What was so striking was how clearly those at the time, and afterwards, saw the significance of those three days in July 1863 on the outskirts of a Pennsylvania farming town. You hear in in the journals of the combatants, in the scrupulous records and copious memorials that started not long after the end of the war and never stopped. And of course, you read it in Abraham Lincoln’s immortal 272-word address, delivered four months later before a crowd of 20,000, on the dedication of the soldiers’ cemetery.
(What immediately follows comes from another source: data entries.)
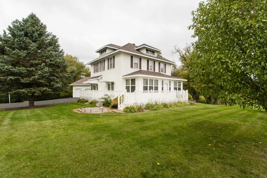 Beautiful historic home with original woodwork and maple flooring, formal dining room with a wall of windows and built-in buffet, updated kitchen w/white cabinetry and built-in desk! Pocket door separates the living room and formal dining, main floor laundry, bath, mud room w/laundry. Den and 3-season wrap around porch complete the main level. 4 bedrooms up and full bath. ''Many updates''.
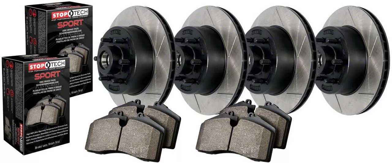 Upgrade Stopping. Elevate your Tundra's braking performance with the StopTech Truck Axle Slotted 5-Lug Brake Rotor and Pad Kit; Front and Rear. Designed for truck enthusiasts, this kit delivers superior stopping power, ensuring safety and control on the road. The slotted rotor design improves heat dissipation and minimizes brake fade. Say goodbye to overheated brakes during demanding stops, and enjoy shorter braking distances.
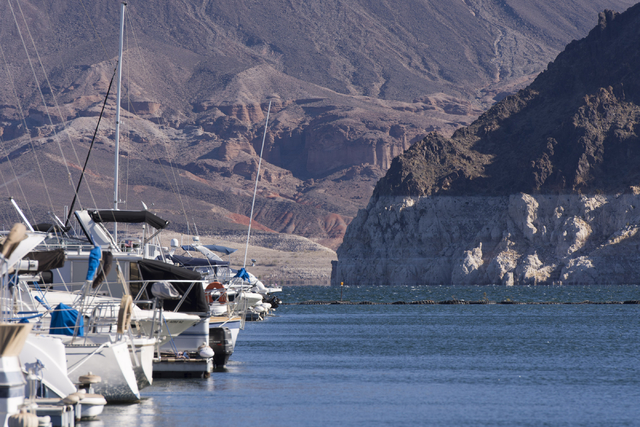 The surface of Lake Mead has dropped almost 130 feet since the current drought affecting the Colorado River drainage basin began in 2000.

Gettysburg was, after all, just the midpoint of a terrible war; a turning point, but not the decisive battle. It was partly the carnage: 50,000 casualties, nearly 20,000 dead or missing, in an engagement neither side intended. On Culp’s Hill, a million bullets were fired in a matter of hours, so many that the trees died of lead poisoning. But again, in a conflict that took over 600,000 lives, one of every 50 Americans, Gettysburg was just a blip.
So how does one know whether history has in our time reached a hinge? Who was Lincoln to say that he was commemorating not a battle between two armies, but a test of whether any nation “conceived in Liberty, and dedicated to the proposition that all men are created equal” could long endure? And today, who are we say that we face the question whether such a nation, now long enduring, can endure a little longer? Aren’t we just fighting about tax cuts and trade deficits and immigration policy and the normal stuff of politics?
Walking around Gettysburg, what’s striking is the ordinariness. The town is history made flesh, surrounded by American holy ground. Yet it’s just a town; the ridges where soldiers massed are just ridges; the fields where 5,000 men fell in Pickett’s Charge are just fields. Gettysburg is powerful even now because it represents an idea. As did the Union. As does the democratic (small “d”) process and the integrity of our republican (small “r”) institutions, even now.
Perhaps the world will little note, nor long remember what we say and do today. If we fight for our ideals, and for the memory of those who sacrificed so much to bring us here, we cannot be wrong.